--- START ---
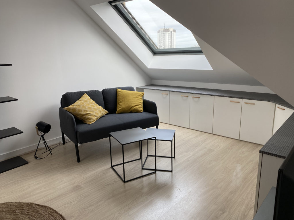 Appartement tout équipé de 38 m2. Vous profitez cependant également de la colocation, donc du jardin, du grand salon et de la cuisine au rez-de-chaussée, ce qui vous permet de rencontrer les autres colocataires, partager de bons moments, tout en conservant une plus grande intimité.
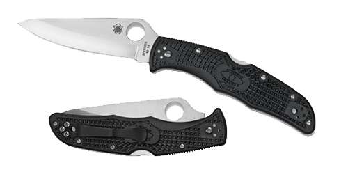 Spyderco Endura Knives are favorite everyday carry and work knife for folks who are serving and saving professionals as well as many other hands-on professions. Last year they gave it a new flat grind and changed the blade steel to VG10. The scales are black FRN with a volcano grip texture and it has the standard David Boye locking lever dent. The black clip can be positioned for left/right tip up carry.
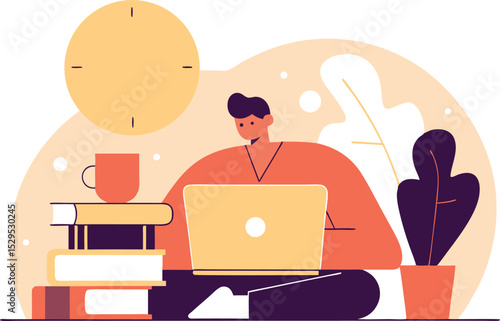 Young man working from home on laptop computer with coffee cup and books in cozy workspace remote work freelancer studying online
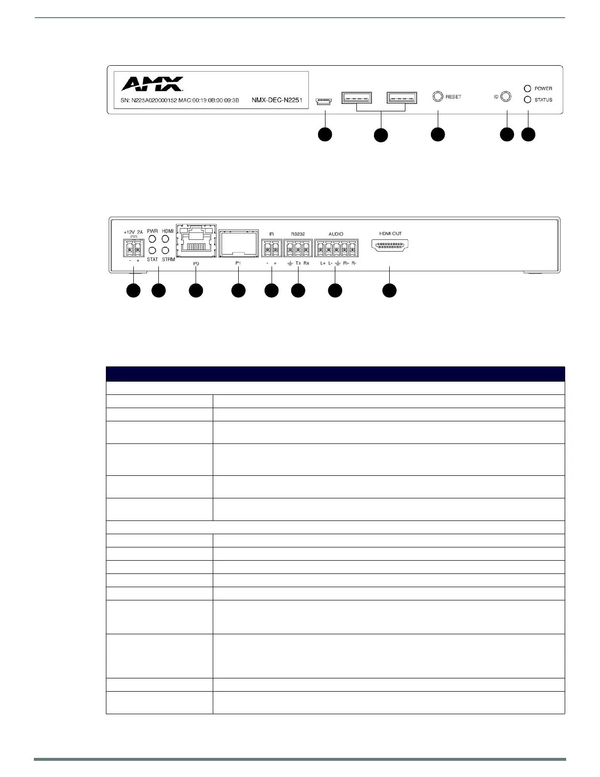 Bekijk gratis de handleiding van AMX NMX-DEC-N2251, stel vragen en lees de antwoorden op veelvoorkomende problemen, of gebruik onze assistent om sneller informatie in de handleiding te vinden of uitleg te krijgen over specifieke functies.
--- END ---
--- START ---
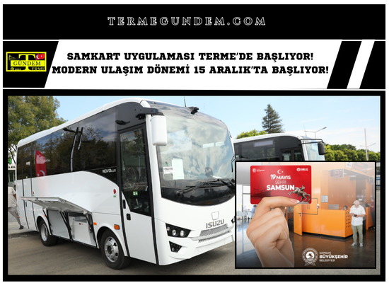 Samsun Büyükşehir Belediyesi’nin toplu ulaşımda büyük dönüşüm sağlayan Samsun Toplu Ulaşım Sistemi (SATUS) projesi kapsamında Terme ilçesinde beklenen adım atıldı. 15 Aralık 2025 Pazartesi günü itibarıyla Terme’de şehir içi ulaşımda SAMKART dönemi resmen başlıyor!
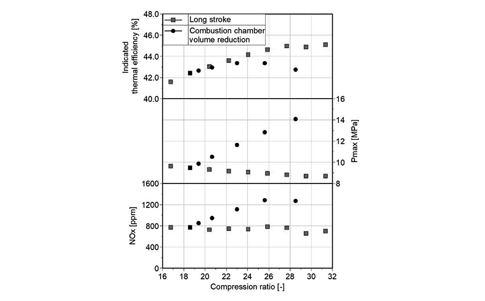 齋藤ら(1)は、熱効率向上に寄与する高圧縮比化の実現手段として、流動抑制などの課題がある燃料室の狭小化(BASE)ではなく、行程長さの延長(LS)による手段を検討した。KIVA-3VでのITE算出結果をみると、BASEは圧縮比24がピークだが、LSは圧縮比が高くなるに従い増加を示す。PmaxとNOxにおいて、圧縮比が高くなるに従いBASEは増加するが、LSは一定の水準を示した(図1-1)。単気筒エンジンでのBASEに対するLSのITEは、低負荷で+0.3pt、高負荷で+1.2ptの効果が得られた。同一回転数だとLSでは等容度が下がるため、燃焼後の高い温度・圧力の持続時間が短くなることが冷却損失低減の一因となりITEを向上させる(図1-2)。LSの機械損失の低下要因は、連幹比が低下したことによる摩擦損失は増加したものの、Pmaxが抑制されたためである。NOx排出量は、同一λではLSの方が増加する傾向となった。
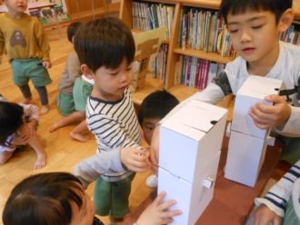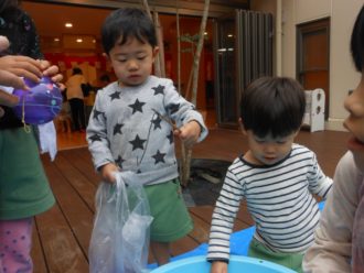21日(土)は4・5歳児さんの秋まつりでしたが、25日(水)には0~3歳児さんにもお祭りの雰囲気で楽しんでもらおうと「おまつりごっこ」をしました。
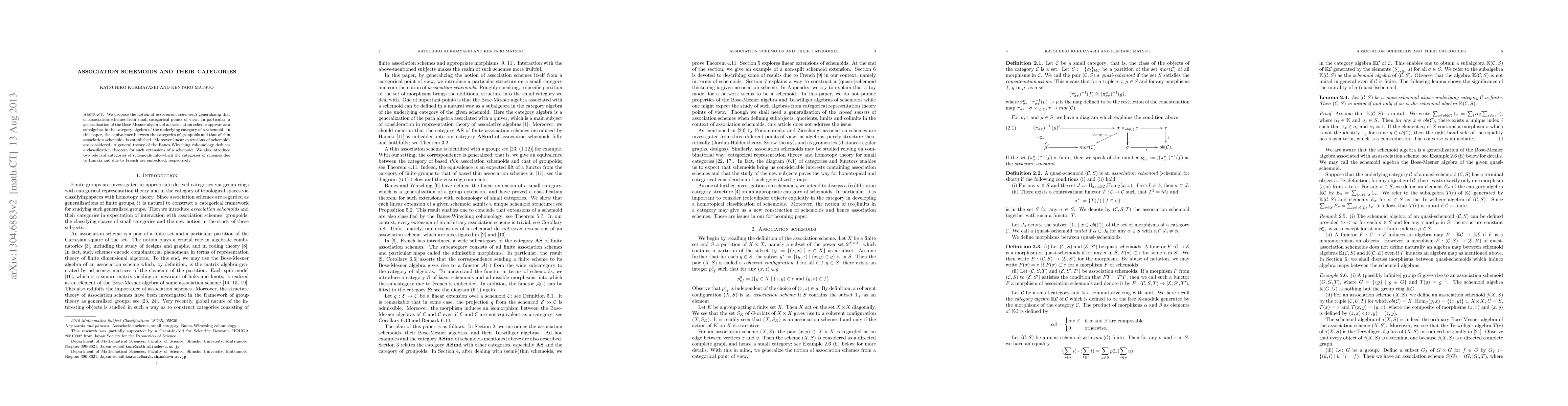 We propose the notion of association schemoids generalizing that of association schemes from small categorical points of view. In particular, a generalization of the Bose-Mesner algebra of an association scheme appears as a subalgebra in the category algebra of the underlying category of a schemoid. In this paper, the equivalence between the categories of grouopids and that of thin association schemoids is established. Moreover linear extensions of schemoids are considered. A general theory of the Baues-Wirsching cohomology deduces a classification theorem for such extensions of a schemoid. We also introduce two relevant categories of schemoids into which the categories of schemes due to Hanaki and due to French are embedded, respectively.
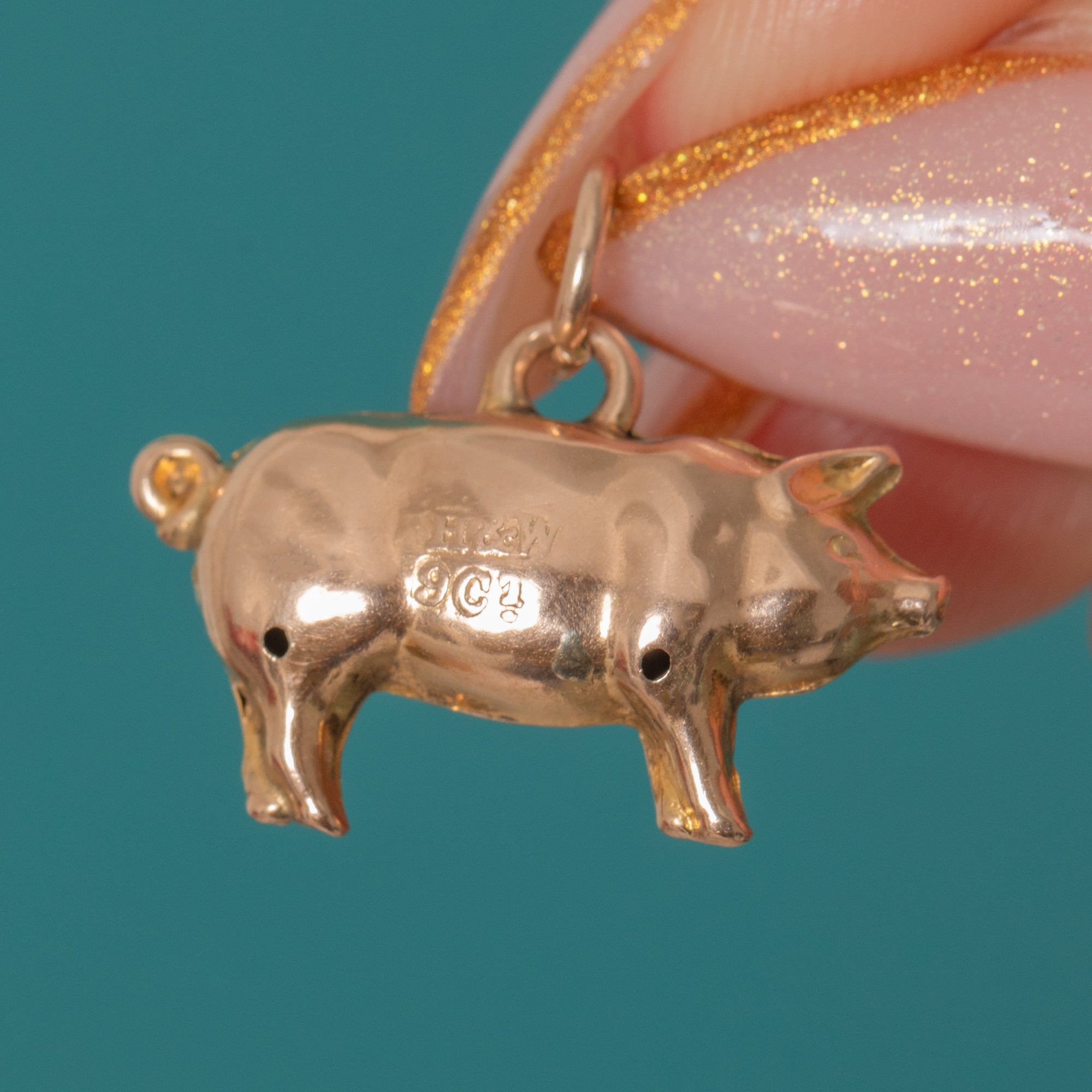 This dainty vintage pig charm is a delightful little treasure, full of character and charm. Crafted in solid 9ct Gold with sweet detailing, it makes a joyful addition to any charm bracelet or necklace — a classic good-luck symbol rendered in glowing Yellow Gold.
--- END ---
--- START ---
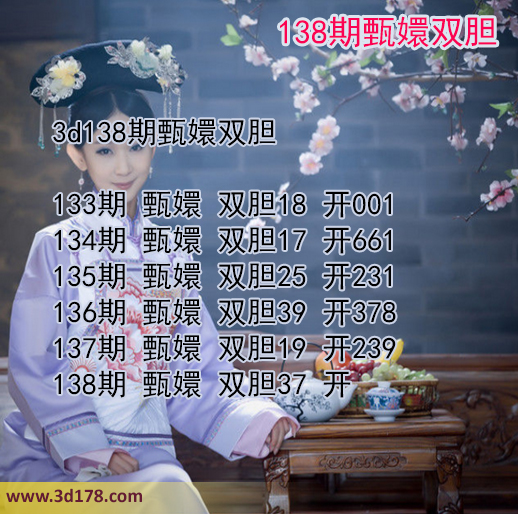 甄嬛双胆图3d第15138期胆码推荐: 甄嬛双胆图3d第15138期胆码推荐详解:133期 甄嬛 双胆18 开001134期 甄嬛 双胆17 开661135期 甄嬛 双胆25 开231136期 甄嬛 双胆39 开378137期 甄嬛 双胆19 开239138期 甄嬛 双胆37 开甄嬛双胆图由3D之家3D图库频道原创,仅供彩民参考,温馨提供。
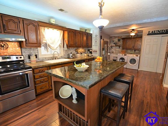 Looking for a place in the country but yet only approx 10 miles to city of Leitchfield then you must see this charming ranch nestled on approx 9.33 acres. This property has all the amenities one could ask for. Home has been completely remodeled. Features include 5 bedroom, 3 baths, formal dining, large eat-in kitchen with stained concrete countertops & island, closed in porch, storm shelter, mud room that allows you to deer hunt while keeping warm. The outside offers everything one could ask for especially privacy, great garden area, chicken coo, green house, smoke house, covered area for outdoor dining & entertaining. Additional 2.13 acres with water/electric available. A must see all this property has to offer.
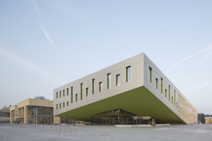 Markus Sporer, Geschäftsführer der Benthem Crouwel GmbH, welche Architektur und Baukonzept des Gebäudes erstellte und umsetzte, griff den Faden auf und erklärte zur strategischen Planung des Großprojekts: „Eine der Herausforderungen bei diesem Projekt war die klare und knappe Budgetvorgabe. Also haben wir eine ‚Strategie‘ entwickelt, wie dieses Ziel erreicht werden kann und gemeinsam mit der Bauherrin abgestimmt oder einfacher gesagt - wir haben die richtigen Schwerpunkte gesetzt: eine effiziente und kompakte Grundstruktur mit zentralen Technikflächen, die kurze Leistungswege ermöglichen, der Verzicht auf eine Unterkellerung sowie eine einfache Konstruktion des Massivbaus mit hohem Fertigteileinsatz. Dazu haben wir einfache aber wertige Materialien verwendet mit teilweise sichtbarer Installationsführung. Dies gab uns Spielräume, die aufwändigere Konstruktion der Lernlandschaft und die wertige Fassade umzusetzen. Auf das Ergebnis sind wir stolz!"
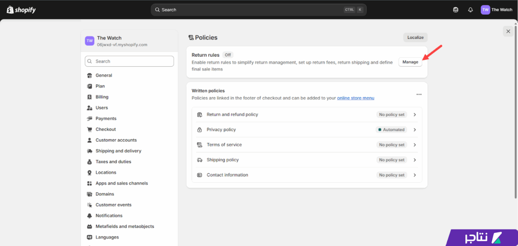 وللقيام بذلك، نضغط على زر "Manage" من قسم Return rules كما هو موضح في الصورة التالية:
--- END ---
**WHAT TO DO**
Go down the entries above from the line containing "Markus Sporer, Geschäftsführer" to the line containing "وللقيام بذلك، نضغط" and write out each line exactly, leaving pictures out.

**RESULT OF THIS EXERCISE**
 Markus Sporer, Geschäftsführer der Benthem Crouwel GmbH, welche Architektur und Baukonzept des Gebäudes erstellte und umsetzte, griff den Faden auf und erklärte zur strategischen Planung des Großprojekts: „Eine der Herausforderungen bei diesem Projekt war die klare und knappe Budgetvorgabe. Also haben wir eine ‚Strategie‘ entwickelt, wie dieses Ziel erreicht werden kann und gemeinsam mit der Bauherrin abgestimmt oder einfacher gesagt - wir haben die richtigen Schwerpunkte gesetzt: eine effiziente und kompakte Grundstruktur mit zentralen Technikflächen, die kurze Leistungswege ermöglichen, der Verzicht auf eine Unterkellerung sowie eine einfache Konstruktion des Massivbaus mit hohem Fertigteileinsatz. Dazu haben wir einfache aber wertige Materialien verwendet mit teilweise sichtbarer Installationsführung. Dies gab uns Spielräume, die aufwändigere Konstruktion der Lernlandschaft und die wertige Fassade umzusetzen. Auf das Ergebnis sind wir stolz!"
 وللقيام بذلك، نضغط على زر "Manage" من قسم Return rules كما هو موضح في الصورة التالية:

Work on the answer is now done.